After reading the scripture passages for this Fourth Sunday of Advent, I reread last week’s edition of Something To Think About. In spite of the fact that last Sunday was Gaudete or “Joyful” Sunday, I gave a good deal of attention to the suffering which surrounds so many of us these days. Fortunately, I returned to last Sunday’s theme by also acknowledging God’s presence in all of this. I ended that reflection with this realization: Though none of us knows the direction our lives will take in the next minute, hour or day, we can be certain of God’s love, God’s embrace and the joy to be found in God’s company. Today, I find that this perception of things is precisely what empowered Mary of Nazareth to embrace her role as the mother of Jesus.
My admiration for Mary took root years ago as I lay beneath our family Christmas tree. While my mother put the finishing touches on the village which rested at the base of that tree, I nestled on the floor with a head-full of First Christmas images. I imagined Mary full of joy and completely unable to contain her love for the baby she carried within her. In my childhood innocence, I pictured Mary peacefully content, just as Hallmark depicts her on so many Christmas cards. Filled to the brim with peace, Mary needed only to bow her head in prayer and wait for Jesus’ birth. “God will be take care of everything,” I imagined her saying, and so I believed it was…

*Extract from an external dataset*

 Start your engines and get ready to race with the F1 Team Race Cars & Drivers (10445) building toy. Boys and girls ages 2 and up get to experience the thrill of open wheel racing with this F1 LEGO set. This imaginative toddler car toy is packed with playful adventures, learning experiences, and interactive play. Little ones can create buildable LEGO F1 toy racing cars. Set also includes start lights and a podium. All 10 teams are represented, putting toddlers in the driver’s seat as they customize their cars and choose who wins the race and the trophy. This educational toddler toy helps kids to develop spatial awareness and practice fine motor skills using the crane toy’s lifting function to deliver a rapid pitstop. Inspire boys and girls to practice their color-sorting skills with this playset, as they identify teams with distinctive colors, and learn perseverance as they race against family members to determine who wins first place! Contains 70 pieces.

These impressions of Mary’s experience remained with me years later when I was part of our elementary school choir at Presentation Parish. We frequently sang Marian hymns and my favorite was The Magnificat. Our choir director, Sister Mary Angelista, not only taught us to sing this Latin hymn, but also its meaning in English. In this prayer attributed to Mary, Jesus’ young mother-to-be announces: My soul magnifies the Lord and my spirit rejoices in God my Savior; because God has regarded the lowliness of this handmaid; For behold, henceforth all generations shall call me blessed; Because God who is mighty has done great things for me… Mary’s prayer further convinced me that serving as Jesus’ mother was more of an honor than ones life work. Little did I realize…

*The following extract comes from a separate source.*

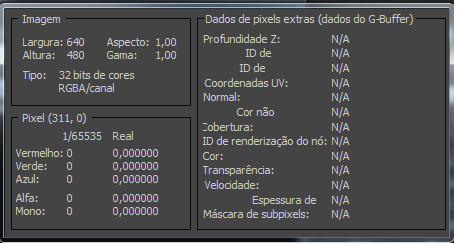 - O valor gama suportado no arquivo de bitmap. Este valor é sempre 1,0, pois quando a imagem é renderizada e salva na memória ou em um arquivo, não é aplicada nenhuma correção. É possível ver o valor gama usado para exibir a imagem, se houver, na barra de título da Janela do quadro renderizado.

A wonderful high school religion teacher, Sister Patricia Mary by name, taught me that things weren’t quite as easy for Mary as my childhood musings suggest. The poor girl was only fourteen when she was asked to endure a pregnancy out of wedlock. Her devout parents had raised Mary to be chaste and faithful to the Law. How would they deal with this news? Mary was betrothed to Joseph, a good and just man. How would she explain this turn of events to him? Mary must also have known that the politics of her day made life difficult at best for her people. Would talk of this child add to their devastation? In spite of all of this, Luke’s gospel (1:26-38) tells us that Mary responded to the angel’s message with, “Behold, I am the handmaid of the Lord. May it be done to me according to your word.” As I contemplated what might have moved Mary to this selfless response, I turned to The Magnificat once again. The second line caught my eye: …and my spirit rejoices in God my savior.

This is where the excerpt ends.